Friday, July 28, 2006

Of auto-biography and literary thieves

The notion of Italian 'weak thought' has been an interest of mine, if largely unspoken, for some time now. It has also occured to me over the last few years that there is a parallel to be made, between what this 'weak thought' has come to signify, and recent trends in literature.  This is, admittedly, not the most original or precise thought, but it is a thought I have sometimes had, nonetheless. Likely both the good and the bad forms of New Confessionalism owe a debt of some sort to the Italians.

On another note, Ellis Sharp wonders what percentage of This is Not a Novel is straight-up erroneous. I would wager between 10-15% but frankly, do not care. It's not like the pleasure of reading this (not)novel stems from expanding one's bibliographical, oracular authority beyond the coctail soundbite or the gossip-quality of exotic reference–one might even say their constant and simultaneous trivialization and elevation to narrative norm is no small part of the point (about which more in a minute).

Still, the (not)novel frustrates me too, both at a surface annoyance level and for reasons perhaps best expressed by others. But also because it eludes classification and casual dismissal, for instance as mere form of mechanical repetition or photocopying, or mental masturbation. There is an art to David Markson's (not)novels, not least of all an extraordinary tenderness and humor, and not only in the presence of playful juxtaposition but more significantly as the heroic element of writing, even in soundbites and anecdotes and borrowed words, inevitably comes through.
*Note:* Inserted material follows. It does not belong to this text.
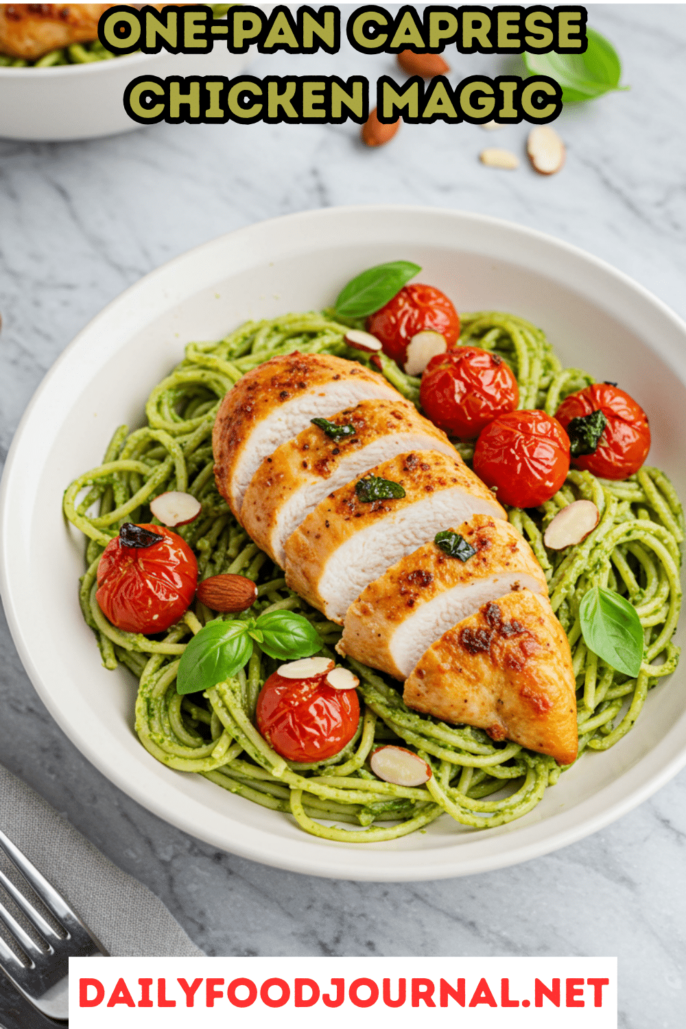 • Keto Caprese Chicken: Swap spaghetti for zucchini noodles or cauliflower rice, use sugar-free pesto and balsamic, and reduce cherry tomatoes to ½ pint (~5g net carbs per serving).

It reveals itself through thematic repetition, surely, but also in constant interruption, and in the subtlety of persisting in what might be called, for lack of a better phrase, the silent questioning that lies at the heart of 'literature' itself: as Blanchot speaking of Foucault might have said, the miracle and madness of "I speak." But also, why care?

Ellis wishes to set the record straight about Jean Genet's alleged Nazi collaboration (having arrived at this word, Ellis may not appear to have much interest in exploring what it might have meant in Genet's specific context–or indeed why the rumor may have any legs at all–but that aside). I had always thought something of the sort was at least half-self-acknowledged (for instance in Funeral Rites), but I have to trust Ellis's knowledge of the latest biography, I suppose. I certainly don't mean to trivialize it, of course, but in the context of Markson's novel it does seem an accusation operating rather already on the plain of common (coctail) knowledge (that is to say, also, in the absence of argument or linear narrativity, in Markson's hands, on the plain of what may still resist, or defer simplistic judgement). It is at least familiar gossip, taking part in the currency of what is common (if commonly erroneous) enough. For instance, just the other day:
"Him too? Jean Genet, saint and martyr for an entire epoch, was also a Nazi?" asks Jürg Altwegg, reviewing Ivan Jablonka's biographical study "Les vérités inavouables de Jean Genet" (Seuil). In the 1950s, Jean-Paul Sartre elevated the French dramatist to "Saint Genet, actor and martyr". Later, Michel Foucault saw in Genet the figure of a lunatic and criminal created in the mould of inhuman institutions. Jacques Derrida, for his part, exalted Genet's "subversive instinct". Now this myth is being subverted. "Jablonka's study reveals that Genet's legends and lies are at least partially rooted in the Second World War. Before chanting hymns to Palestinian terrorists and the Baader Meinhof Gang, Genet had sung praises of Hitler and the Nazis no less enthusiastically than Louis Ferdinand Céline. Genet was the lover of a French SS officer. He raved about 'blonde warriors' and praised the massacre at Oradour as pure 'poetry'. For Jablonka, Genet's Nazi leanings were the result of an 'intellectual and erotic fascination'. He did not expect anything good from Hitler, he was just delighted by all the horror."

If we are to believe that every act of writing contains en element of auto-biography, including Funeral Rites and This is Not a Novel, then it is perhaps ironic that on the last page the (non)protagonist who has come to be known, like Nabokov's butterflies, as simply "Writer" announces, in a moment that seems marked by both a sort of preemptive blackmail and poignant directness: "Writer's cancer....Farewell and be kind."

And with that the reader, always, in principle, just (democratic?) anyone, (Hugh Person...Hello Hugh) is thereby encouraged to begin, the endless task, not quite thinking and somewhat less than entirely self-assured, yet again.